Butterflies Are Free ★★½

A thin, dated dramedy about a young blind man hooking up with his free-spirited neighbor to the chagrin of his overprotective mom, this is commendable insofar as it manages to adapt a single-set play (by Leonard Gershe), only slightly opening it up, without the usual suffocating staginess, thanks probably to Goldie Hawn's easy naturalism as an actress, stuck playing one of the most blatant wish-fulfillment proto-MPDG characters in film history and spending much of the runtime in her underwear, but still perfectly credible in the part. Academy Award winner Eileen Heckart is freakishly believable as a meddling parent, but her hard work is let down by the crude, facile screenplay, which puts its three central characters through changes over the course of 24 hours that make no sense whatsoever. Doe-eyed Edward Albert (son of Eddie, who was funnier, more talented and far more handsome despite his son's Ken doll-like appearance), apart from having a lot of trouble selling his character Don as a blind person and a good singer-songwriter (he is every annoying neighbor with a guitar you've ever encountered in your life of apartment dwelling) appears to be completely self-sufficient at the outset, then when a night of casual sex doesn't necessarily result in a lifelong commitment he abruptly declares himself incapable of living alone? Heckart's doting, narcissistic mom, author of a series of patronizing kiddie novels about her son's misadventures and accomplishments, needles Don about his desire to make it on his own and enjoy adult relationships, but suddenly hesitates for no clear reason when he finally cops to her demands.

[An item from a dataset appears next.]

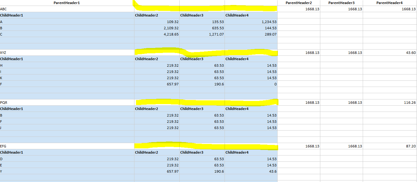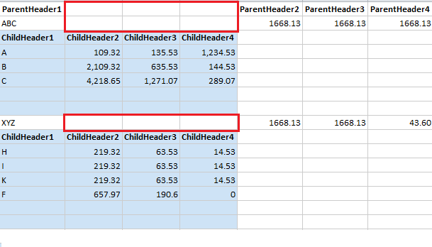 I am facing alignment issue while exporting hierarchical radgrid data to excel. Please find below by code

Only Hawn's Jill Tanner is clear about what she wants or doesn't want, and she gets treated terribly shabbily over it, though it's also hard to believe she would spend a morning and afternoon drilling her new FWB's mom about her attitude then would completely neglect a date she'd set with him. It's just another weird look at urban life in the hippie era, like A Thousand Clowns and B.S. I Love You and so many besides, that may as well be about space aliens now.